THz time scale structural rearrangements and binding modes in lysozyme-ligand interactions

Abstract

Predicting the conformational changes in proteins that are relevant for substrate binding is an ongoing challenge in the aim of elucidating the functional states of proteins. The motions that are induced by protein-ligand interactions are governed by the protein global modes. Our measurements indicate that the detected changes in the global backbone motion of the enzyme upon binding reflect a shift from the large-scale collective dominant mode in the unbound state towards a functional twisting deformation that assists in closing the binding cleft. Correlated motion in lysozyme has been implicated in enzyme function in previous studies, but detailed characterization of the internal fluctuations that enable the protein to explore the ensemble of conformations that ultimately foster large-scale conformational change is yet unknown. For this reason, we use THz spectroscopy to investigate the picosecond time scale binding modes and collective structural rearrangements that take place in hen egg white lysozyme (HEWL) when bound by the inhibitor (NAG)3. These protein thermal motions correspond to fluctuations that have a role in both selecting and sampling from the available protein intrinsic conformations that communicate function.

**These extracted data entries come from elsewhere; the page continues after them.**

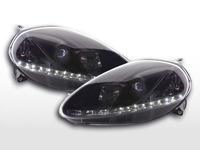 Scheinwerfer Daylight Fiat Grande Punto Typ 199 Bj. 05-08 schwarzDie Daylight Scheinwerfer weisen nicht nur in der Nacht sondern auch schon am Tag eine hervorragende sportliche Erscheinung für Ihr Auto aus. Die Eleganten LEDs verleihen Ihrem Auto eine Top Tuning Optik und nebenbei werden Sie auch noch von den anderen Verkehrsteilnehmer besser wahrgenommen! Mit dem Austausch Ihrer Serienscheinwerfer in die Daylightscheinwerfer erhalten Sie eine komplett neue zeitlose exklusive und sportliche Fahrzeugoptik! Nur nebenbei bemerkt sind die Daylight-Scheinwerfer das abgesagteste Design in Sachen Tuningscheinwerfer und verleihen Ihrem Fahrzeug auch eine sportlich aggressive Optik bei Tag und bei Nacht!KEINE KOSTEN EINTRAGUNGSFREI: Die Daylight Scheinwerfer werden mit e-Zeichen ausgeliefert und sind somit eintragungsfrei. GERINGE EINBAUKOSTEN: Die Daylight Scheinwerfer mit integrierten Tagfahrlicht oder auch Tagfahrleuchte genannt können problemlos von jeder Fachwerkstatt binnen ca. 2 Stunden eingebaut werden. Einbauanleitung: Die Scheinwerfer werden komplett mit Kabelbaum und einer "englischen" Einbauanleitung ausgeliefert. Die Qualität: der Scheinwerfer ist mit Erstausrüsterqualität zu vergleichen und werden von namhaften Produzenten für den Tuningbereich produziert. Der Preis: Im Regelfall sind diese Tuningscheinwerfer immer günstiger als die Originalen Scheinwerfer. Hier lohnt sich ein Preischeck, selbst wenn nur im Falle einen Unfalls nur ein Scheinwerfer defekt sein sollte. Die Daylight Scheinwerfer sind eine günstige Umrüstmöglichkeit im Falle eines Unfalls oder eine Nachrüstung.Die Scheinwerfer Technik: Die Scheinwerfer sind nicht nur technisch sondern auch optisch ausgereift und sind im übrigen schon 100.000 fach erfolgreich weltweit eingebaut. Sie möchten Ihrem Fahrzeug eine sportliche Note geben? Dann sollten Sie gleich dieses tolle Scheinwerferset bestellen. Weitere Ausführungsdetails: Scheinwerfer Klarglasoptik mit transparenter Streuscheibeverbesserte Lichtausbeute durch Klarglasscheibe und verbesserter Reflektorenwenn nicht anders angegeben inkl. elektrischer LWR ( Leuchtweitenregulierung ) Anschluss erfolgt über fahrzeugspezifischen Stecker Leuchtmittel sind im Lieferumfang nicht enthaltenkeine Eintragung und Eintragungskosten in die Papiere nötig, da mit "E" Prüfzeichen versehen Einfache Montage da die Original Scheinwerfer Befestigungspunkte des Fahrzeugs verwendet !Lange Lebensdauer durch die Verwendung von hochwertigen Material und ChormbeschichtungenLieferumfang:1 Satz Scheinwerfer ( links + rechts )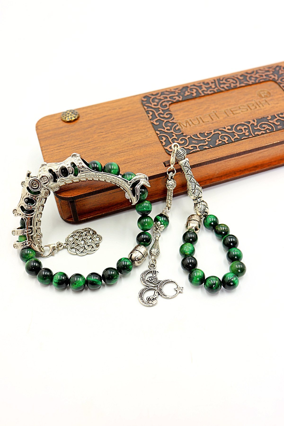Yeşil Kaplangözü dogaltaş Multi Tespih, özel kararmaz flex aparat ve ultra güçlü mıknatıs sistemi sayesinde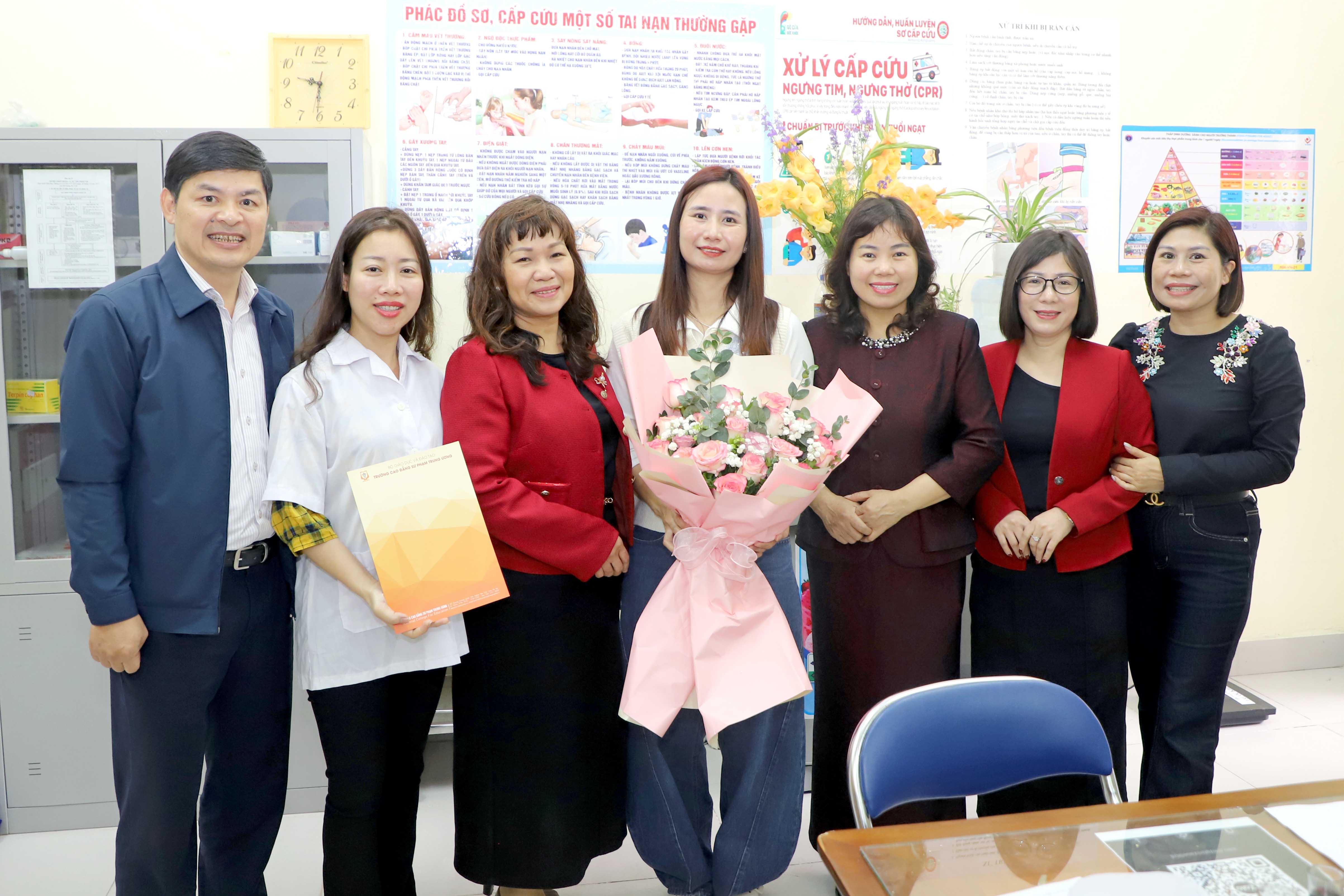 NCE Hòa chung không khí kỷ niệm trên cả nước, sáng 27/02/2026, Đảng ủy, Ban Giám hiệu và Công đoàn Trường Cao đẳng Sư phạm Trung ương (CĐSPTW) đã đến thăm, tặng hoa chúc mừng nhân viên y tế thuộc phòng Quản trị - Thiết bị của Nhà trường nhân kỷ niệm 71 năm Ngày Thầy thuốc Việt Nam (27/02/1955 - 27/02/2026). Hoạt động diễn ra trong không khí ấm áp, thể hiện sự quan tâm, ghi nhận của lãnh đạo Nhà trường đối với những đóng góp thầm lặng của đội ngũ y tế trong công tác chăm sóc sức khỏe cho viên chức, người lao động và học sinh, sinh viên toàn trường.

Hence, investigation of these fast, collective modes may provide knowledge about the mechanism leading to the preferred binding process in HEWL-(NAG)3. Specifically, in this work we find that the picosecond time scale hydrogen-bonding rearrangements taking place in the protein hydration shell with binding modify the packing density within the hydrophobic core on a local level. These localized, intramolecular contact variations within the protein core appear to facilitate the large cooperative movements within the interfacial region separating the α- and β- domain that mediate binding. The THz time-scale fluctuations identified in the protein-ligand system may also reveal a molecular mechanism for substrate recognition.